## DATA EXCERPT
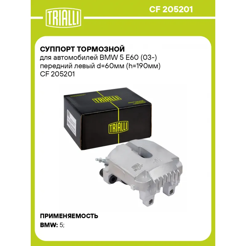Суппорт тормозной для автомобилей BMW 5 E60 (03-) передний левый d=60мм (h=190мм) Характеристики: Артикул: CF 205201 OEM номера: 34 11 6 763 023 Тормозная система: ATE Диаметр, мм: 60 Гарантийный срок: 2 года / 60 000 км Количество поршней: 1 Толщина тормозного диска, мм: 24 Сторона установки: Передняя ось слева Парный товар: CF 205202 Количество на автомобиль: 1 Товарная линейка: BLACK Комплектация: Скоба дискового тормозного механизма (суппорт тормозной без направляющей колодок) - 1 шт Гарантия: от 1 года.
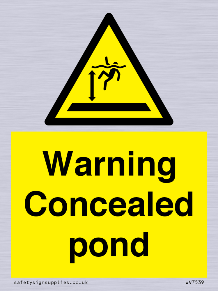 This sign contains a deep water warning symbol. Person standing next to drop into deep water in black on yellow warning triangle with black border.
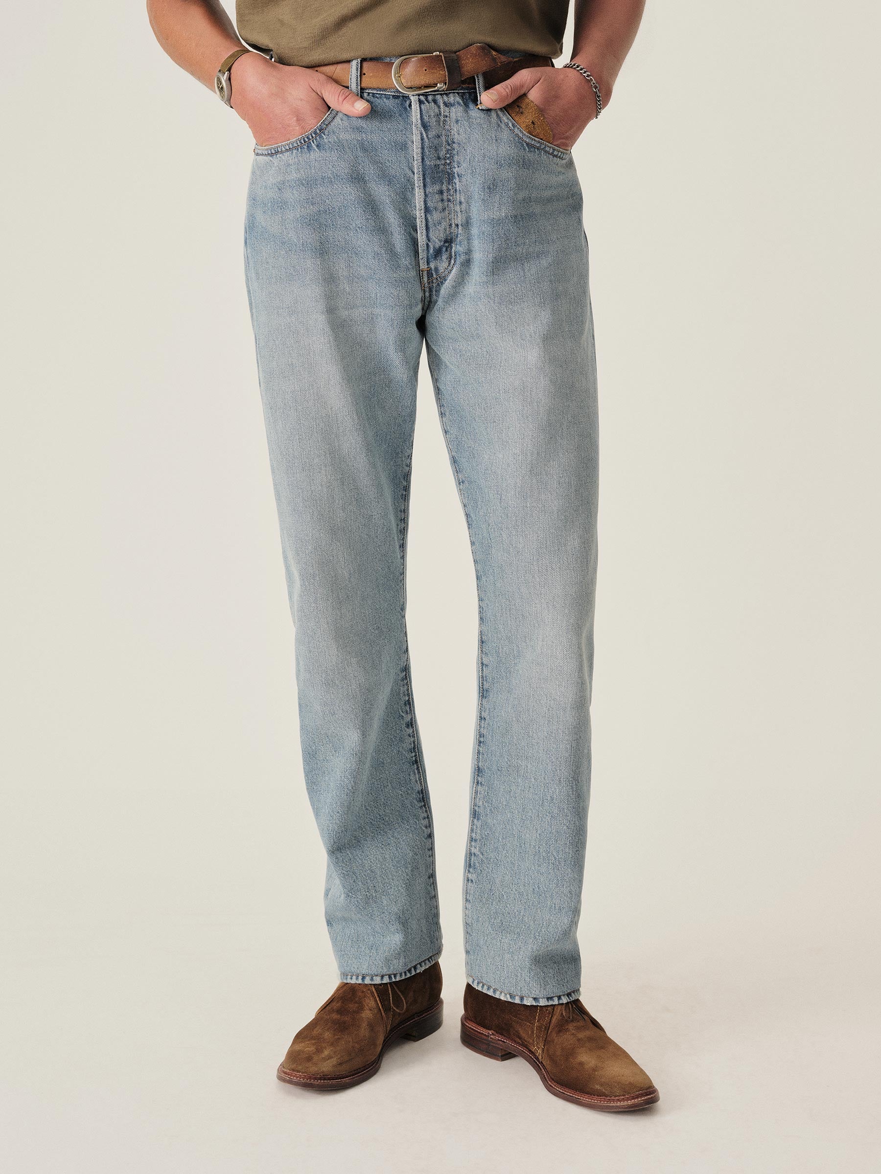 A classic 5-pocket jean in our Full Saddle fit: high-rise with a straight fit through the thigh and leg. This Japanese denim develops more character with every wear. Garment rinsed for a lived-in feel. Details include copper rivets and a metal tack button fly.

## TASK BRIEF
Retype the whole listing, keeping every line identical and omitting all pictures.

## SOLUTION FOR THIS PROBLEM
Суппорт тормозной для автомобилей BMW 5 E60 (03-) передний левый d=60мм (h=190мм) Характеристики: Артикул: CF 205201 OEM номера: 34 11 6 763 023 Тормозная система: ATE Диаметр, мм: 60 Гарантийный срок: 2 года / 60 000 км Количество поршней: 1 Толщина тормозного диска, мм: 24 Сторона установки: Передняя ось слева Парный товар: CF 205202 Количество на автомобиль: 1 Товарная линейка: BLACK Комплектация: Скоба дискового тормозного механизма (суппорт тормозной без направляющей колодок) - 1 шт Гарантия: от 1 года.
 This sign contains a deep water warning symbol. Person standing next to drop into deep water in black on yellow warning triangle with black border.
 A classic 5-pocket jean in our Full Saddle fit: high-rise with a straight fit through the thigh and leg. This Japanese denim develops more character with every wear. Garment rinsed for a lived-in feel. Details include copper rivets and a metal tack button fly.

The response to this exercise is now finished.